My face is cold. It gets colder as the wind strips all cover away, penetrating through my layers of clothes and skin, reaching farther into my bones. I’m naked, exposed for all to see. But there’s nobody here to witness my suffering. No one, save the tree. Tap, tap, tap. When did I turn back around? Did I mean to come back to this place? I can’t answer that. I don’t remember what the answer is. I can’t even remember ever leaving here in the first place. Did I ever leave? Tap, tap, tap. Something draws you to this tree. This small, lonely, twisted piece of shelter from the insane squall surrounding. The wind. It is the wind. It is always the wind, pushing you away from where you need to be, where you should be. Click, click, bang, it shoots straight through you. It is too strong. I can’t leave here. Here is safe. Tap, tap, tap. Here is home.



I sit down with my back against the trunk. The little bit of warmth it expels caresses my back but is hardly enough to help me forget the cold. The tree has long ago bent over itself, reaching to kiss the ground. But it can’t reach; it seems as if it does not even want to, although in times to come I’m sure the wind will have convinced it to bend to its full extent. Tap, tap, tap. Even to the point of breaking. The wind doesn’t care, it never does. It takes whatever lies in its path and throws it into absolute turmoil. Tap, tap, tap. Can’t get back on your feet.

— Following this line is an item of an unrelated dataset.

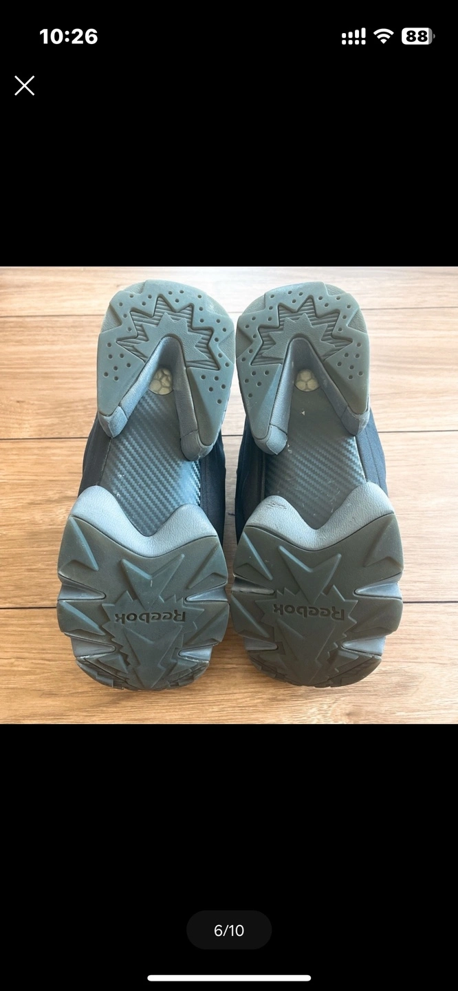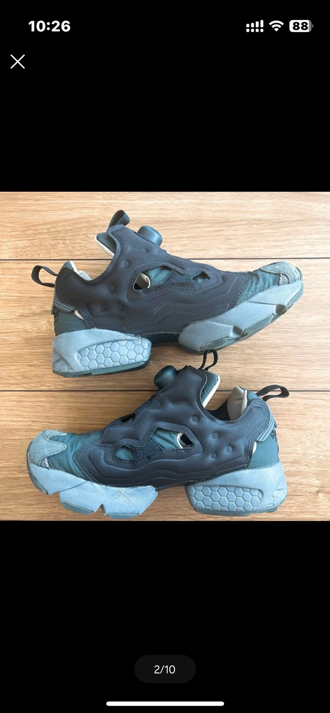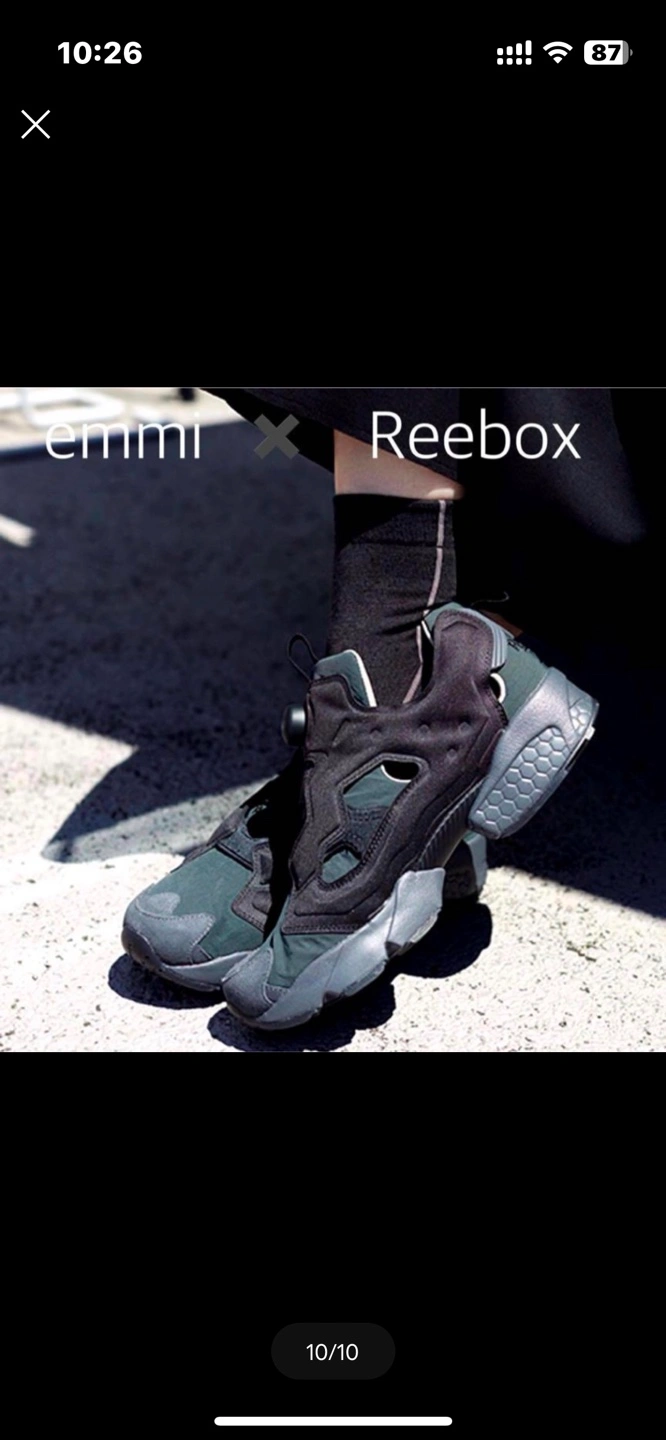 お値下しました♪ REEBOK × emmi - INSTAPUMP FURY OG インスタ ポンプフューリー 別注 リーボック × エミ コラボ 23cm 箱、取扱説明書付 軽量で履き心地が良く空気を注入するポンプチェンバーをアッパーに導入することで、シューレースがなくても足にフィットさせることができる「ザ ポンプ テクノロジー」。また、ハニカム構造の衝撃吸収をもたらすHEXALITEも搭載。 日本発のブランド"emmi"とのコラボレーションモデルの限定品。マテリアルの違うオールブラックのアッパーに半透明のクリアソールを採用しています。 #リーボック #レアスニーカー #ポンプフューリー23 #おしゃれスニーカー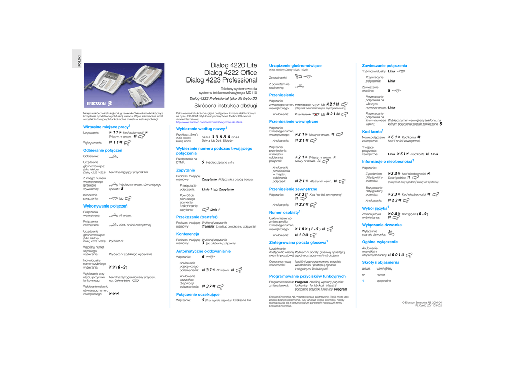POLSKI Dialog 4220 Lite Dialog 4222 Office Dialog 4223 Professional Telefony systemowe dla systemu telekomunikacyjnego MD110 Dialog 4223 Professional tylko dla trybu D3 ? Skrócona instrukcja obsługi Niniejsza skrócona instrukcji obsługi zawiera krótkie wskazówki dotyczące korzystania z podstawowych funkcji telefonu. Więcej informacji na temat wszystkich dostępnych funkcji można znaleźć w instrukcji obsługi. Wirtualne miejsce pracy1 Logowanie: Wylogowanie: *11* # í* #11# í Kod autoryzacji Własny nr wewn. Odbieranie połączeń Odbieranie: Urządzenie głośnomówiące: (tylko telefony Dialog 4222 i 4223) Z innego numeru wewnętrznego (przejęcie wywołania): Kończenie połączenia: u 8 Powrót do pierwszego abonenta i zakończenie zapytania: í Nr wewn. Połączenia zewnętrzne: u Kod i nr linii zewnętrznej Wybieranie ostatnio używanego numeru zewnętrznego: Wybierz nr Wybierz nr szybkiego wybierania ** 0 9 – Linia 1 lub Zapytanie Ô Zawieszanie połączenia (tylko telefony Dialog 4222 i 4223) Tryb indywidualny: Linia Ze słuchawki: Âd Z powrotem na słuchawkę: u Anulowanie: Anulowanie: Włączanie przeniesienia w miejscu odbierania połączeń: Anulowanie przeniesienia w miejscu odbierania połączeń: *21# í #21# í ÕÔ lub *21* #21# í #í *21* * Nowy nr wewn. #í Własny nr wewn. Nowy nr wewn. #21* Własny nr wewn. Przeniesienie zewnętrzne Anulowanie: Linia 1 Przeniesienie Przeniesienie wewnętrzne Włączanie z własnego numeru wewnętrznego: Anulowanie: 3 Przywracanie połączenia na innym numerze Wybierz numer wewnętrzny telefonu, na wewn.: którym połączenie zostało zawieszone Kod 8 konta1 Nowe połączenie zewnętrzne: *61* Trwające połączenie zewnętrzne: Linia Informacje o *# 2 2 # í #22# í Bez podania daty/godziny powrotu: Kod i nr linii zewnętrznej Anulowanie: *10* 1 5 # í #10# í – ) *23* #23# í #í (Kolejność daty i godziny zależy od systemu) Kod nieobecności *# 0í 8* Wyłączanie sygnału dzwonka: Anulowanie wszystkich włączonych funkcji: Odebrano nową wiadomość: Skróty i objaśnienia Anulowanie wszystkich dyspozycji oddzwaniania: Nr wewn. #í #37# í Połączenie oczekujące Włączanie: 5 (Przy sygnale zajętości) Czekaj na linii – ) #001# í wewn. wewnętrzny Programowanie przycisków funkcyjnych nr numer Programowanie lub Program Naciśnij wybrany przycisk zmiana funkcji: funkcyjny Nr lub kod Naciśnij ponownie przycisk funkcyjny Program 1 opcjonalne Ericsson Enterprise AB. Wszelkie prawa zastrzeżone. Treść może ulec zmianie bez powiadomienia. Aby uzyskać więcej informacji, należy skontaktować się z certyfikowanym partnerem handlowym firmy Ericsson Enterprise. 0 9 É Automatyczne oddzwanianie #37* Kod języka ( Wyłączanie dzwonka Ogólne wyłączenie Naciśnij zaprogramowany przycisk wiadomości i postępuj zgodnie z nagranymi instrukcjami Linia * Kod nieobecności Data/godzina Uzyskiwanie dostępu do własnej Wybierz nr poczty głosowej i postępuj skrzynki pocztowej: zgodnie z nagranymi instrukcjami 6d # *23* # í Zintegrowana poczta głosowa1 Włączanie: Kod konta Wybór języka1 Zmiana języka wyświetlania: ( *61* nieobecności1 Z podaniem daty/godziny powrotu: #í # Kod konta Kod i nr linii zewnętrznej Włączanie: Numer osobisty1 Uaktywnienie lub zmiana profilu z własnego numeru wewnętrznego: 8d Przywracanie połączenia na własnym numerze wewn.: Linia Włączanie lub z własnego numeru Przeniesienie (Przycisk przeniesienia jest zaprogramowany) wewnętrznego: Ô d Linia Zawieszenie wspólne: Przeniesienie Włączanie: í Przywracanie połączenia: Podczas trwającej Wykonaj zapytanie (po odebraniu połączenia) rozmowy: Anulowanie pojedynczego oddzwaniania: ) Naciśnij zaprogramowany przycisk, np. Główne biuro *** Wybierz żądane cyfry Podczas trwającej Wykonaj zapytanie rozmowy: Transfer (przed lub po odebraniu połączenia) Konferencja ( 9 Przekazanie (transfer) Urządzenie głośnomówiące: Wybieranie przy użyciu przycisku funkcyjnego: Zapytanie d lub 33888 Znaj Spis GÓra lub DÓt WybÓr Wybieranie numeru podczas trwającego połączenia Przełączanie połączenia: u Indywidualny numer szybkiego wybierania: (tylko telefon Dialog 4223) Wybierz nr wewn. dzwoniącego aparatu Połączenia wewnętrzne: Wspólny numer szybkiego wybierania: Przykład: „Ewa”: nazwy1 Podczas trwającej rozmowy: Zapytanie Połącz się z osobą trzecią Wykonywanie połączeń (tylko telefony Dialog 4222 i 4223) Wybieranie według Przełączenie na DTMF: Naciśnij migający przycisk linii u Pełna wersja instrukcji obsługi jest dostępna w formacie elektronicznym na dysku CD-ROM zatytułowanym Telephone Toolbox CD oraz na stronie internetowej http://www.ericsson.com/enterprise/library/manuals.shtml. Urządzenie głośnomówiące © Ericsson Enterprise AB 2004-04 PL Część LZV 103 002

My breathing is slowing, now. The steam expelled by my mouth and nose becomes less and less common. I close my weary eyes, and then open them quickly in fear of them freezing together. Tap, tap, tap. But now I can’t keep them from closing. Tap, tap, tap. No! I stand quickly and lose my balance. I lean against the tree for support. I’m dizzy now, my vision is blurred and my thoughts are jumbled. I start singing. Tap, tap, tap. I sing and I sing and I scream and I yell and I don’t even understand what I am saying. I do not even know why I am, but I am and I just keep going and going and going until I fall to the ground in defeat and desperation. I can’t cry. There is no point to it; I am too defeated to even try. I close my eyes. I don’t bother to open them this time. Tap, tap, tap.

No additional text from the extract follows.